De-Replication of BGCs Ascertains Distinct BGC Count of Species and Genera
In addition to calculating the percentage of each genome predicted to function in specialized metabolite biosynthesis, we calculated the average BGC count per genome within each species group (Figure 6A) and estimated the absolute number of distinct BGCs per species through the de-replication of BGCs shared between genomes (Figure 6B). On average, Burkholderia species carried more BGCs than any other genera analyzed with approximately 16 BGC per genome, however, the genus also possessed the greatest range of predicted BGCs at 7–25 BGCs per genome per species (Figure 6A). The genera Caballeronia and Pararobbsia contained the fewest BGCs per species with an average of nine per genome. At the species level, B. pseudomallei and B. plantarii averaged close to 25 BGCs per genome, while the single-genome Caballeronia species, novel_109, carried only three BGCs, the lowest average BGC count per genome in the collection. Alongside average BGC counts, the number of distinct BGCs per species was estimated to understand the biosynthetic potential of species to produce specialized metabolites across multiple closely related genera (Figure 6B). Similar to the average BGC content per genome, Burkholderia species possessed the highest distinct BGC count on average with approximately 22 BGCs, while Burkholderia ubonensis harbors up to 59 distinct BGCs. The remaining genera possessed lower distinct BGC counts compared to Burkholderia with less than 15 distinct BGCs on average per species, indicative of lower specialized metabolite biosynthetic potential (Figure 6B). However, Burkholderia species benefit from high genome representation relative to other genera which bias this result in favor of Burkholderia. Of the 224 species groups analyzed for specialized metabolite content, 149 species groups have two or fewer genome representatives. Species groups with limited representation dominated in almost all genera, ranging between 72 and 100% of species per genus, except for Burkholderia where limited representative species groups accounted for only 35% of species.
Figure 6. (A) Average BGC count per species (n value) and (B) Number of distinct BGCs harbored by each species (n value). Boxplots represent lower quartile, median, and upper quartile. Whiskers represent 1.5x the interquartile range.
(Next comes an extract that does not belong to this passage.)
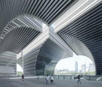Der Entwurf basiert auf einem quadratischen Feld, das in neun kleinere Quadrate mit je 70 x 70 Metern Grundfläche unterteilt ist. Das Bauensemble wiederum besteht aus sechs identischen, aber gegeneinander verdrehte Baukörper, die in zwei Dreierreihen angeordnet sind. Jeder einzelne Baukörper kragt über fast 40 Meter schirmförmig aus, erscheint als 50 Meter hoher Quader, der von zwei Seiten ausgehöhlt ist. Im obersten Geschoss finden sich auf fast 4.000 m² stützenfreie Ausstellungsräume und ein Sky Garden.

To understand the degree to which BGCs were shared with other species within a genus, the distinct BGCs of species within the most populous genera were pooled by genus, de-replicated, and screened with distinct BGCs per species for evidence of shared BGCs/species specific BGCs. Burkholderia species exhibited the highest degree of shared BGCs, with species sharing an average of 76% of BGCs with one or more species. Caballeronia and Paraburkholderia species shared fewer BGCs with other species within their genera with averages of 55 and 53%, respectively, while Trinickia species shared only 5% of their BGCs with other Trinickia species. Considerable variation was observed at the species level for Burkholderia (11–100%), Paraburkholderia (0–100%), and Caballeronia (13–100%), compared to Trinickia (0–11%). Alongside genuine biological variation in the proportion of shared BGCs, fragmented BGCs artificially inflating distinct BGC counts may also bias these calculations. Indeed, examining the distinct BGCs of B. gladioli, which shared only 11% (4 out of 36) of distinct BGCs with other Burkholderia species, revealed the presence of multiple BGCs that represent partial sequences of larger BGCs. In contrast, novel_027 and B. plantarii, with 13% (1 out of 8) and 31% (8 out of 26) of distinct BGCs shared with other Burkholderia species, respectively, had little evidence of fragmented BGCs. Closely related species likely shared BGCs with each other, and thus elevate the degree to which BGCs appear to be shared within a genus, such as B. cenocepacia, and the five uncharacterized, but closely related species groups, that each shared between 73% and 93% of distinct BGCs with other Burkholderia species.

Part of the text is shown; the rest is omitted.